Roms : la faute lourde de Manuel Valls

Le Monde

| 25.09.2013 à 10h46

• Mis à jour le 25.09.2013 à 14h56

Peu de temps après son installation au ministère de l’intérieur, Manuel Valls avait assuré vouloir traiter le problème des Roms « dans la sérénité ». Faisant référence au discours prononcé à Grenoble, en juillet 2010, par le président de la République de l’époque, Nicolas Sarkozy, il ajoutait : « Ce n’est pas facile. Si le débat est remis sur la place publique de la manière dont cela a été fait il y a deux ans, on n’y arrivera pas. »

A l’évidence, il n’y arrive pas. Les propos qu’il a tenus le 24 septembre sont aux antipodes de la sérénité à laquelle il invitait. Il ne s’est pas contenté, en effet, d’assurer – ce qui est son rôle – qu’il ferait procéder, à chaque fois qu’une décision de justice le justifie, au démantèlement des campements illégaux où s’entassent quelque 15 000 Roms dans des conditions indignes, à la lisière de nos grandes villes. Il ne s’est pas contenté de juger, comme en mars, que « les Roms ont vocation à rester en Roumanie ou à y retourner ».

Il a relancé le débat exactement sur le terrain où l’avait placé la droite : l’impossibilité, sauf pour « quelques familles », d’intégrer ces populations dont les « modes de vie extrêmement différents des nôtres » et entrent « en confrontation » avec les populations voisines. Dès lors, sauf exception, « il n’y a pas d’autre solution » que de démanteler les campements et de renvoyer leurs occupants dans leur pays d’origine.

Ce faisant, le ministre de l’intérieur sait qu’il exprime, tout haut, l’irritation de bon nombre des élus locaux concernés et qu’il répond à leur sentiment d’impuissance. De même, il veut entendre l’exaspération devant l’augmentation de la petite délinquance dans la capitale ou quelques grandes villes, à laquelle les Roms contribuent pour une part non négligeable – en particulier les mineurs, souvent organisés par des réseaux mafieux.

Si ce n’est du cynisme, drapé dans un langage de « vérité », c’est une faute lourde.

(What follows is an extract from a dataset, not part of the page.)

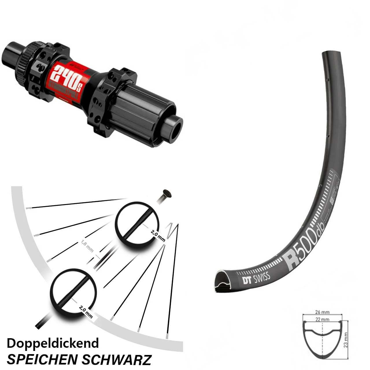 Technische Daten Hinterrad DT Swiss R 500 DB Disc schwarz und Nabe DT Swiss 240 Road Straightpull Centerlock 12/142

Politique autant que morale. Depuis des semaines, sans même que l’extrême droite ait besoin de s’y employer, la droite a délibérément choisi de faire de la « menace » que constitueraient les Roms un thème explosif des prochaines élections municipales et, au-delà, européennes. En apportant de l’eau à son moulin, M. Valls donne crédit à cette campagne qui joue, sans vergogne, sur la peur de l’étranger et fait des Roms des boucs émissaires parfaits.

Mais en désignant l’ensemble d’une population étrangère – et néanmoins européenne –, en stigmatisant une population ethniquement étiquetée, en la jugeant incapable de s’intégrer en France, le ministre de l’intérieur renonce à des principes élémentaires républicains : l’accueil, l’intégration, la solidarité.

Plusieurs voix, à gauche, l’ont immédiatement déploré. Celle de Martine Aubry, maire de Lille, qui a invoqué « l’humanité et l’efficacité, c’est-à-dire la République ». Celle du ministre Arnaud Montebourg, qui a jugé le propos de M. Valls « excessif » et estimé qu’il devait être « corrigé ». Il a raison.

Et c’est au président de la République de le faire, avec fermeté et, si possible, sérénité. C’est sa responsabilité et son devoir.